== WHAT YOU WILL DO ==
Pictures in the data should be dropped; transcribe exactly the lines from the one that has "La segunda opción" through the one that has "Противоударный чехол с".

== RECORD SET ==
***

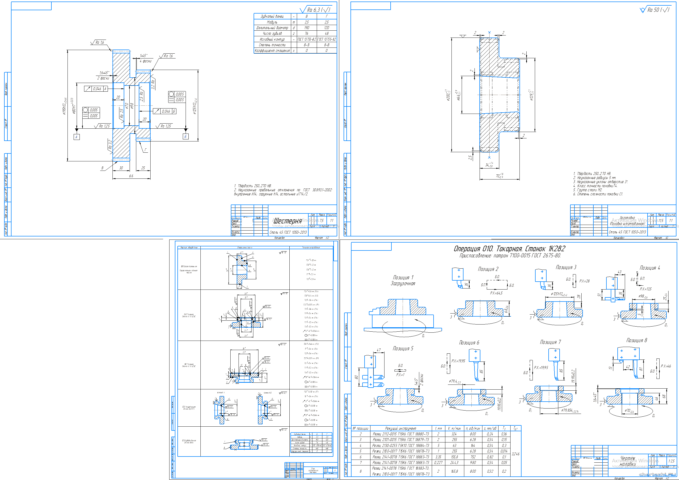 ТГУ / Кафедра «Оборудование и технологии машиностроительного производства» / Росдистант / Анализ конструкции детали; проектирование заготовки; разработка маршрутного тех. процесса с выбором оборудования, приспособлений, инструментов; подробная разработка одной операции 010. Токарная с расчётом режимов резания и нормированием; оформление тех. документации по результатам работы: маршрутный тех. процесс, карты эскизов и операционные карты на операцию 010. / Состав: 4 листа чертежи (деталь "шестерня", заготовка, план обработки детали, наладка на операцию 010.Токарная) + ПЗ (44 страницы).
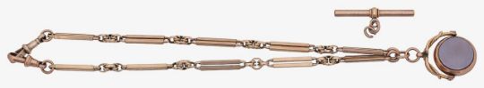 the double bar chain stamped 9ct, with unattached T bar and swivel fob
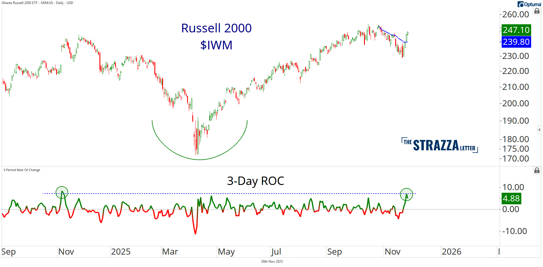 The chart above shows the Small Cap Russell 2000 posting its largest 3-day win streak since November of last year… even bigger than what we saw off the April lows.
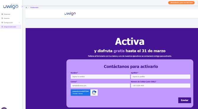 La segunda opción es completando el formulario de activación, que gatillará una tarea a nuestros ejecutivos y te contactarán para resolver las dudas y activar Uwigo Colaborador
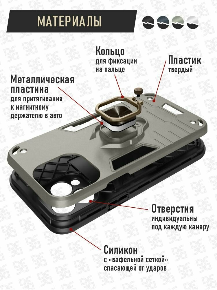 Противоударный чехол с кольцом и креплением для Oppo A58 (4G) / Оппо А58 (4Джи) DF oArmor-05 (silver) интересное:
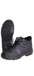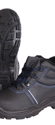 Ботинки из кожи c мягким кантом и глухим клапаном на подкладке из искусственного меха. Шнуровка, проходящая через металлические петли, обеспечивает комфортную адаптивную посадку. Светоотражающие элементы повышают видимость работников в темное время суток и на неосвещенной территории. В модели предусмотрена съемная стелька. Однослойная маслобензостойкая полиуретановая подошва литьевого метода крепления имеет вставку в пяточной части подошвы, обладающую амортизационными свойствами и способную гасить ударные нагрузки при ходьбе. Глубина протектора ходового слоя обеспечивает хорошую сцепляемость с поверхностями и препятствует скольжению за счет рельефа протектора. Металлический подносок обеспечивает защиту пальцев стопы от механических повреждений ударной прочностью до 200Дж.
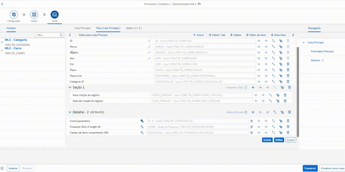 - Abra a subseção Tela (Lista Principal) da etapa Saída;
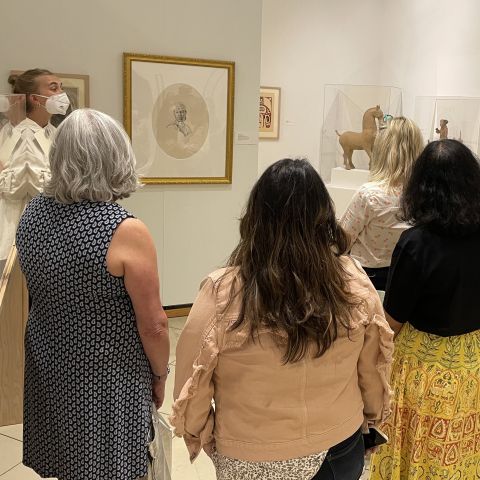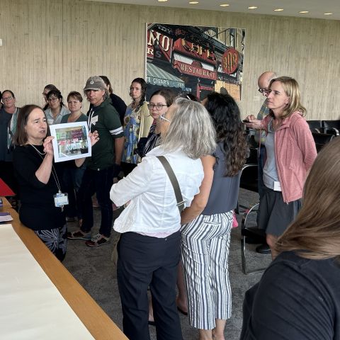 A museum staff person shows a work of art to a group of standing teachers.

***

== TASK SOLUTION ==
 La segunda opción es completando el formulario de activación, que gatillará una tarea a nuestros ejecutivos y te contactarán para resolver las dudas y activar Uwigo Colaborador
 Противоударный чехол с кольцом и креплением для Oppo A58 (4G) / Оппо А58 (4Джи) DF oArmor-05 (silver) интересное:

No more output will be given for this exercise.